テーブルの上に転がるヒール・ポーションを、エルツ様はすぐに手に取る。
「なんだ、これは!」
「ヒール・ポーションです」
「わかっている! このような高品質な魔法薬を見たのは初めてだ、という意味だ」
ハイクラスに分類される魔法薬の中でも、作る人によって品質が異なるらしい。
私が作ったヒール・ポーションは、その中でも最高品質と言っても過言ではない、とエルツ様は口にする。
「私が見込んでいたとおり、そなたは天才的な魔法薬師のようだ。この先、隠居するのはもったいない。ぜひとも、専属魔法薬師として、活躍してほしい」
ここまで評価されたら、断る理由なんて思いつかない。
魔法薬の販売先にも困っていたので、これはまたとない機会だろう。
下町に薬局を作るにしても、ある程度のまとまった資金が必要にもなるだろう。
断る理由なんて思いつかなかった。
「私でいいのならば――」
「私でいい?」
卑下するような発言はよくないのだろう。
これまで、あまり褒められることなどなかったので、ついついへりくだるような発言をしてしまうのかもしれない。
これ以上、自分を貶めるようなことを言うと、私を評価してくれたエルツ様にも失礼になるだろう。

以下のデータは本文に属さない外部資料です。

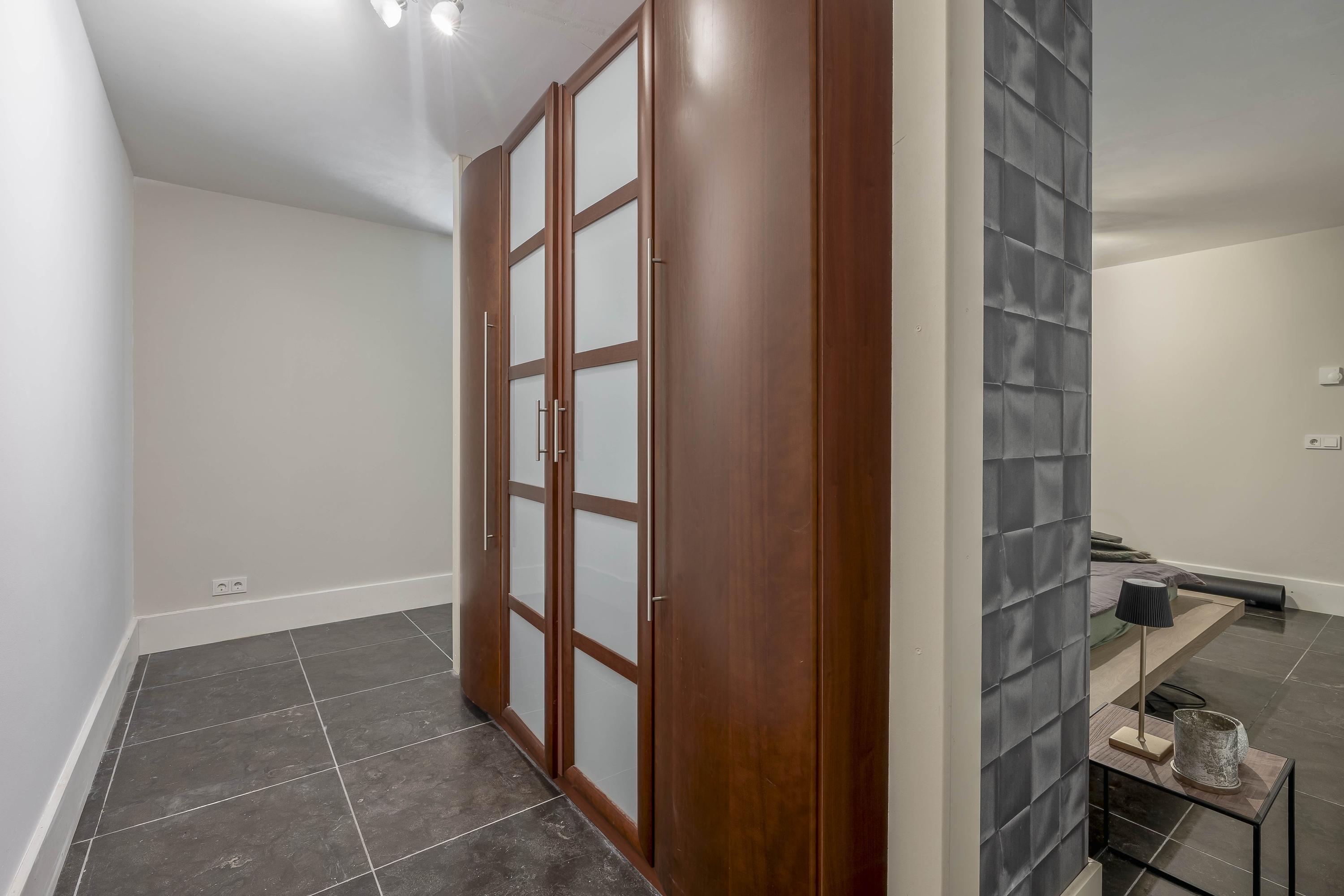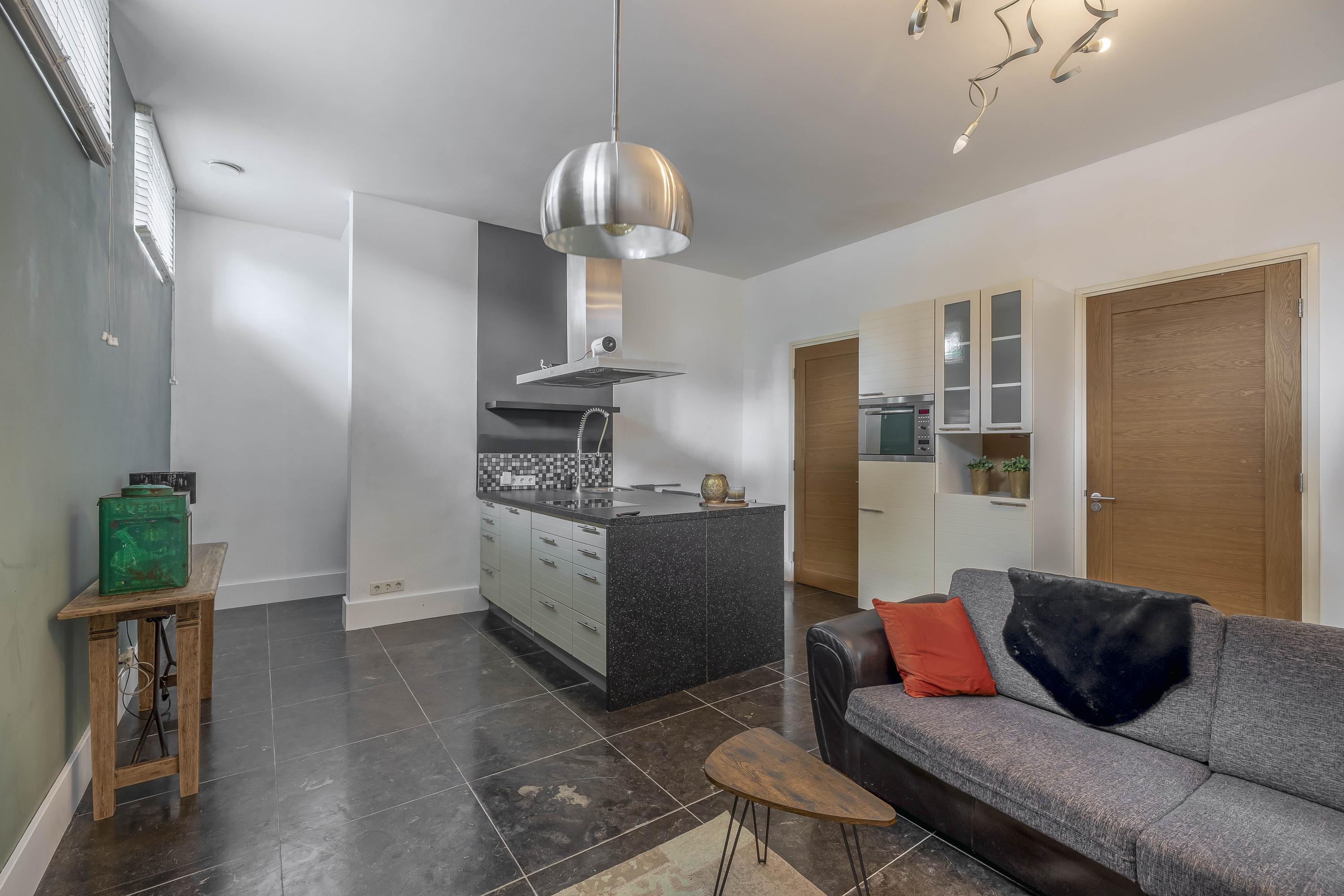 Je betreedt deze ruimte in een lichte woonkamer met open keuken, waar de indrukwekkende plafondhoogte van ruim 3 meter direct opvalt. De keuken is modern en compleet uitgerust met een inductiekookplaat, afzuigkap, vaatwasser, koelkast en combi-magnetron. In een handige nis achter de keuken bevindt zich de aansluiting voor de wasmachine.

「わかりました。これから、エルツ様のお力になれるよう、尽力いたします」
エルツ様はそれでいい、とばかりに深々と頷いていた。
空中に浮かぶ契約書に指先を添えて名前を書くと、光り輝く文字が浮かんだ。
ベアトリス・フォン・イーゼンブルクと記入すると、魔法陣が発光し、パチン、と音を立てて消えていった。
「これにて、契約成立だな」
契約書については、呪文を唱えたらいつでも出し入れが可能となっているらしい。
「ひとまず、このヒール・ポーションを買い取らせていただこう。これだけの魔法薬となると、価格は一本、金貨六十枚ほどか」
「なっ!? そ、それはあまりにも、高すぎるのではないでしょうか?」
「適正価格だ」
先ほど、同じヒール・ポーションを三十本、金貨六十枚で販売してきたところだ、と説明すると、呆れられてしまう。
「疑うというのであれば、これから薬局に確認に行く」
エルツ様は立ち上がると、ボロの外套を着込んで頭巾を深く被った。
その後、私へ手を差し伸べる。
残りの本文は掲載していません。